Saudis Seek Up to $50 Billion in Renewable-Energy Expansion

Saudi Arabia will start soliciting bids in the next few weeks for the first phase of a “massive” renewable-energy program costing $30 billion to $50 billion, Energy Minister Khalid Al-Falih said.

OPEC’s biggest producer plans to generate close to 10 gigawatts from renewables, primarily solar and wind power, by 2023, he said at an energy conference in Abu Dhabi. The first tender may be for 700 megawatts of capacity at a cost of about $700 million, according to Roberto de Diego Arozamena, chief executive officer of Saudi power developer Abdul Latif Jameel Energy, which plans to bid for the contract.

Saudi Arabia plans by 2030 to produce 70 percent of its power from natural gas and 30 percent from renewables and other sources, Al-Falih said Monday. He didn’t say how much renewables capacity the nation would be tendering in coming weeks.

The kingdom is among crude exporters struggling with budget deficits after oil prices languished for two years at about $50 a barrel. Building more solar plants and developing a nuclear-power industry is part of a broader plan that Deputy Crown Prince Mohammed bin Salman announced in April to diversify the economy away from crude sales as the main source of government income.

The goal of 10 gigawatts is “only the beginning,” Al-Falih said. “I’m not able to give you the number of where we will be in 2050.”

Nuclear Plans

The goals for renewables boosting capacity over the next seven years are achievable, and the start of the tender process is a sign Saudi Arabia is serious about reaching them, de Diego Arozamena said Tuesday in an interview in Abu Dhabi.

Saudi Arabia is also “really moving” to develop nuclear power and intends to build two reactors with a combined capacity of 2.8 gigawatts, Al-Falih said.
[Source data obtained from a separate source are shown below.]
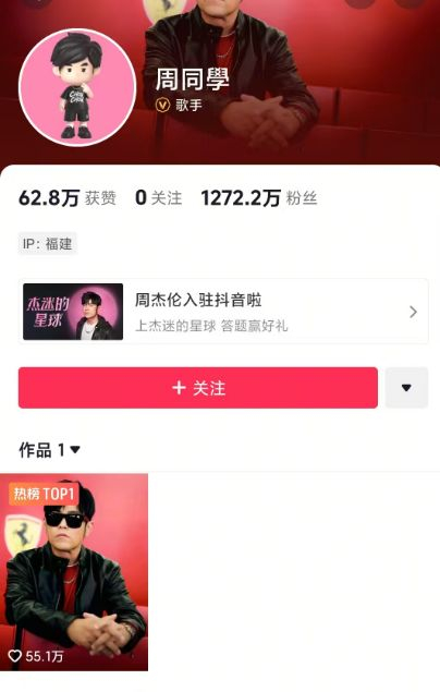 周杰伦新号“周同學” 更新首个作品,IP地址为福建,粉丝数已超1272万,概念股直线拉升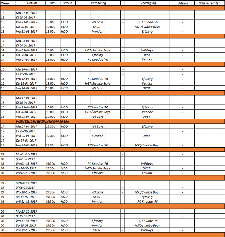 Wedstrijdschema 2017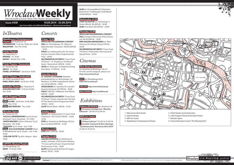 WrocławWeekly ALIBI (ul. Grunwaldzka 67) Alestorm, Brainstorm, Troldhaugen (Folk/Metal: 70/60/50PLN) - 19:00 Free City Guide to Events, Music, Film, Theatre, Museum & More Wednesday 24.09 Issue #438 STARY KLASZTOR (ul. Purkyniego 1) Vołosi (World: 30/20PLN) - 20:00 ALIBI I Am Giant (65/55PLN) - 20:00 19.09.2014 - 25.09.2014 > get more online: www.WroclawWeekly.pl > [email protected] InTheatres Współczesny (Contemporary) Theatre (ul. Rzeźnicza 12) Paternoster - Fri & Sat 19:00; Sun 18:00 Walentina - Tue-Thu 19:00 Polski Theatre (ul. Zapolskiej 3) Kronos - Fri 19:00 Dziady - Wed & Thu 17:00 Polski Theatre / Kameralna (ul. Świdnicka 28) Smycz - Fri 19:00 Stand_Up Witkacy - Sat & Sun 19:00 Polski Theatre / Świebodzki (pl. Orląt Lwowskich 20c) Hans, Dora i Wilk - Sat & Sun 19:00 Komedia Theatre (pl. Teatralny 4) Szalone Nożyczki - Fri & Sat 20:00; Sun 18:00 Lalek (Puppet) Theatre (pl. Teatralny 4) Kids Plama - Sat & Sun 12:00; Wed 10:00; Thu 10:30 Kids Krzywiryjek - Thu 10:00 Concerts Friday 19.09 WROCŁAW PHILHARMONIC CONCERT HALL (ul. Piłsudskiego 19) “Opera & Operetta Gala" (Classical: 100/50/20PLN) - 19:00 FIRLEJ (ul. Grabiszyńska 56) Yul, Green Asylum, Krossen Other (Experimental: Free) - 20:00 OD ZMIERZCHU DO ŚWITU (“From Dusk Till Dawn" / ul. Krupnicza 15) Nternal Quiet / Nevermind (10PLN) - 20:00 ALIVE (ul. Kolejowa 12) Redroom & Dogbite (Rock: 15/10PLN) - 21:00 Saturday 20.09 ST. VINCENT CATHEDRAL (Katedra greckokatolicka św. Wincentego / pl. Nankiera 15) NFM Leopoldinum (Classical: 50/30/20PLN) - 18:00 OSSOLINEUM (ul. Szewska 37) LutosAir Quartet (Classical: 20/10PLN) - 18:00 FIRLEJ YOB (US), Pallbearer (US) (Metal: 60PLN) - 20:00 OD ZMIERZCHU DO ŚWITU (“From Dusk Till Dawn") Thesis, Sounds Like The End Of The World, Atme (Progressive Rock: 10PLN) - 20:00 ALIVE Ditroit (Rock: 10PLN) - 21:00 Wrocław Opera Sunday 21.09 (ul. Świdnicka 35) “Łucja z Lammermooru (Lucia di Lammermoor)" by G. Donizetti - Fri 19:00 “Napój miłosny (L’Elisir d’Amore)" by G. Donizetti - Sat 19:00 “Traviata" by G. Verdi - Sun 17:00 Kids “Alicja w Krainie Czarów (Alice in Wonderland)" by R. Chauls - Tue 11:00, 13:00 “Cosi Fan Tutte" by W.A. Mozart - Wed 19:00 IMPART (ul. Mazowiecka 17) Jesse Cook (Flamenco: 155/125/95/70PLN) - 16:00, 19:30 ETER (ul. Kazimierza Wielkiego 19) Gus Gus Live Band (95PLN) - 21:00 CAPITOL Musical Theatre (ul. Piłsudskiego 72) Dżob - Fri & Sat 19:00 Monday 22.09 Thursday 25.09 WROCŁAW PHILHARMONIC CONCERT HALL Grzegorz Niemczuk (Piano/Classical: 50/30/20PLN) - 19:00 BWA GALERIA AWANGARDA (ul. Wita Stwosza 32) Johnny Chang (15PLN) 20:00 OD ZMIERZCHU DO ŚWITU (“From Dusk Till Dawn") Aleksandra Tomczyszyn & Squad (Free) - 20:00 Cinemas Kino Nowe Horyzonty 4 pl. Jana Pawła II (ul. Kazimierza Wielkiego 19a-21) For the current program, please see http://www.kinonh.pl/ 2 8 DCF (ul. Piłsudskiego 64/a) http://dcf.wroclaw.pl/ 1 HELIOS http://www.heliosnet.pl MULTIKINO http://multikino.pl/ 7 Exhibitions 3 5 6 Galeria ENTROPIA (ul. Rzeźnicza 4) > “Archiwum Zoologiczne / Wiesław Rakowski “ (05.09.14-22.09.14) WRO Art Center (ul. Widok 7) > “Zielony Labirynt" (01.09.14-21.09.14) > Jarosław Czarnecki & Elvin Flamingo “Symbiotyczność Tworzenia 2012-2034" (21.09.14-10.10.14) 1. 2. 3. 4. Mleczarnia Café & Hostel Galeria Entropia WRO Art Center Współczesny (Contemporary) Theatre 5. 6. 7. 8. Polski Theatre: Scena Kameralna Lalek (Puppet) Theatre & Komedia Theatre Wrocław Opera Tourist Information Centre "The Meeting Point" ETER DKB (120PLN) - 20:00 Tuesday 23.09 GALERIA ENTROPIA (ul. Rzeźnicza 4) [audio_entropia_019] Smutne Kobiety “I’m too sad to tell you" (Experimental/ Performance: Free) - 18:00 ALIVE Soulwound & Bonhart & Fosgen (Metal: 7PLN) - 19:00 Contact: Wrocław Tourist Information Center, Rynek 14, 50-101 Wrocław, tel. (+48 71) 344 31 11 9 ©WrocławWeekly 2014, Some Rights Reserved CC [BY-NC-ND] // [email protected]
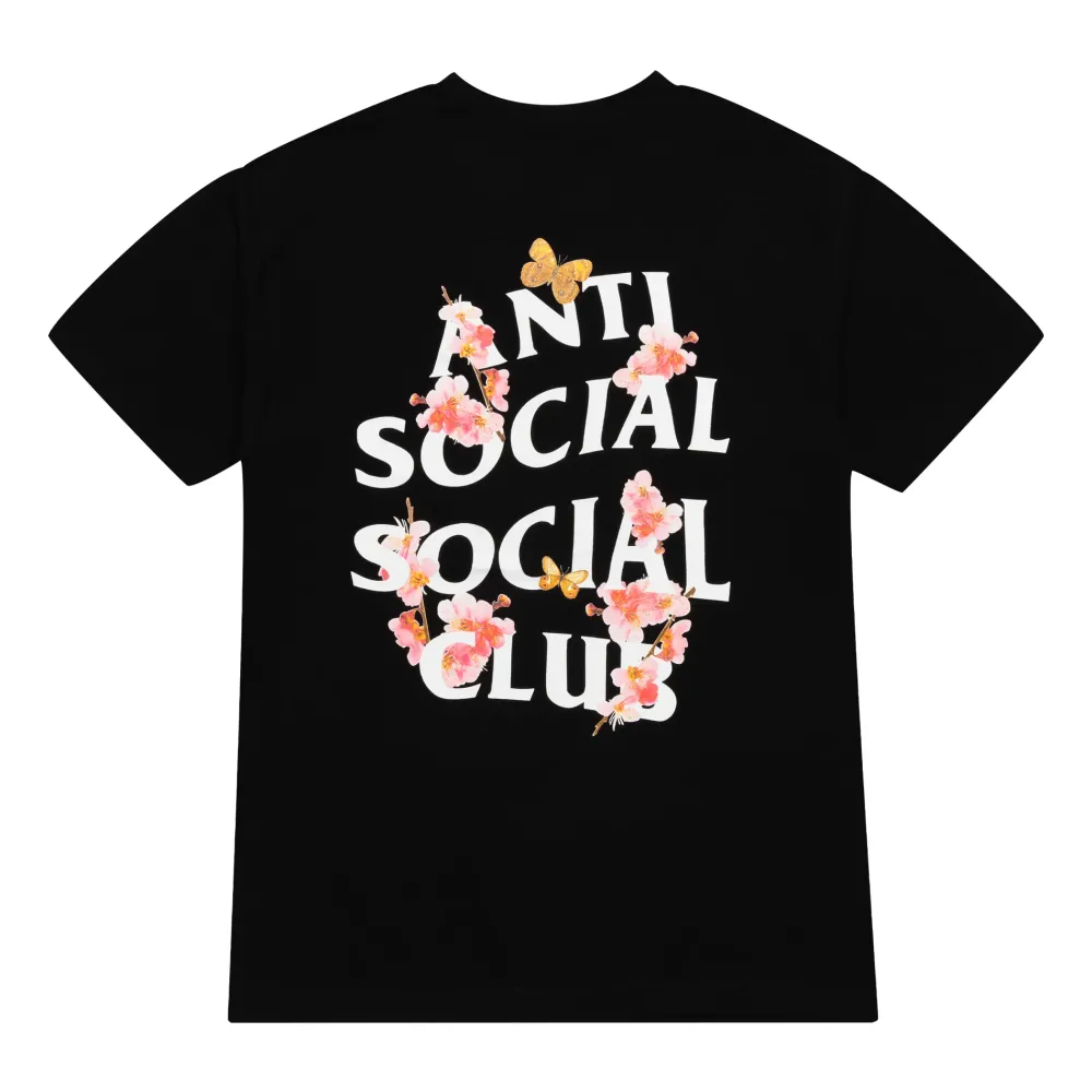 This Anti Social Social Club T-shirt was originally released as a part of the brand’s SS20 release in March 2020. The t-shirt features a plain Anti Social Social Logo on the front left chest of the tee and a large print of the brand’s logo covered in flowers and butterflies across the back of the garment.

The country is currently in the front-end engineering and design stage of its nuclear plants, he said. He didn’t say when the nuclear plants would be operational.
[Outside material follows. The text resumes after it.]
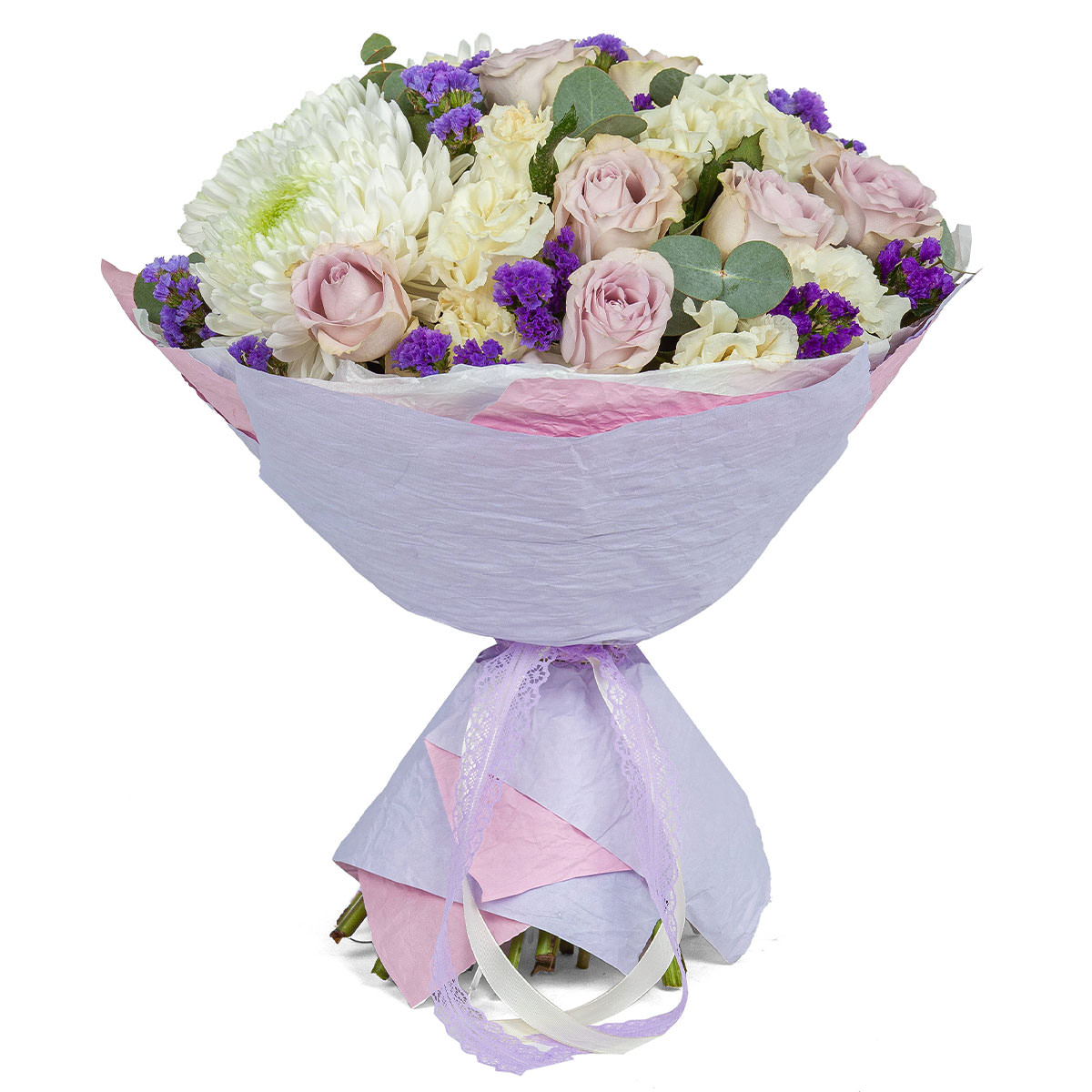 | Состав | Лавандовые розы, Розы, Хризантемы, Эвкалипт |

The country’s only solar plant in operation, aside from a smaller pilot project, is a 10-megawatt facility on top of a parking lot at the headquarters of state-owned Saudi Arabian Oil Co., known as Saudi Aramco. The national utility, Saudi Electricity Co., is seeking bids for two plants to generate a combined 100 megawatts.
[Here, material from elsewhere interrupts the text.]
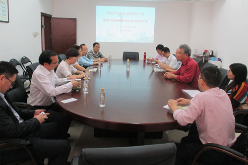 2016年4月26日,北京师范大学珠海分校物流学院院长杨蓉教授一行6人来彩票在线购买 交流,彩票在线购买 院长庞永师教授、党委书记谢如鹤教授及相关院系领导参加了交流研讨。
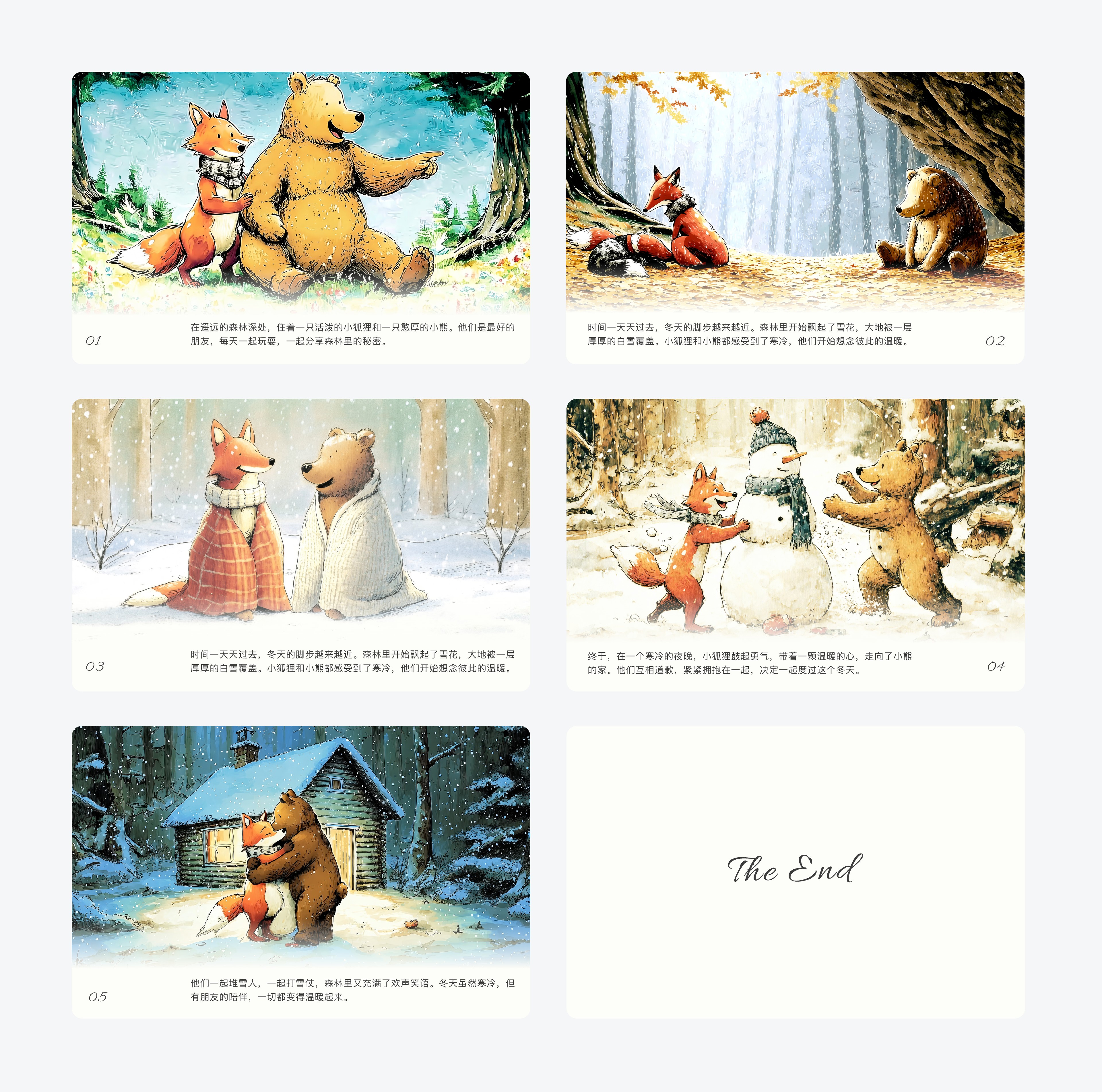 提示词:我想创作一个关于“友谊”的绘本,主角是一只小狐狸和一只小熊。故事讲的是他们在冬天来临前闹了别扭。请你为我生成一个分段叙述、图文交错的故事版本,每一段文字都搭配一张详细的插画描述,描绘他们友谊的小插曲和冬日前的和解。

Saudi Arabia previously had longer-term targets for renewable power when crude prices were about double their current level. Its earlier solar program forecast more than $100 billion of investment in projects to produce 41 gigawatts of power by 2040. In January 2015, the government delayed the deadline for meeting that capacity goal by nearly a decade, saying it needed more time to assess the relevant technologies.

The current Saudi solar program is viable, said Francesco Starace, chief executive officer of Italian utility Enel SpA, which wants to participate in renewables projects there. Saudi Arabia “has no problem in attracting financing provided that basic rules are well-defined,” he said Saturday in an interview in Abu Dhabi.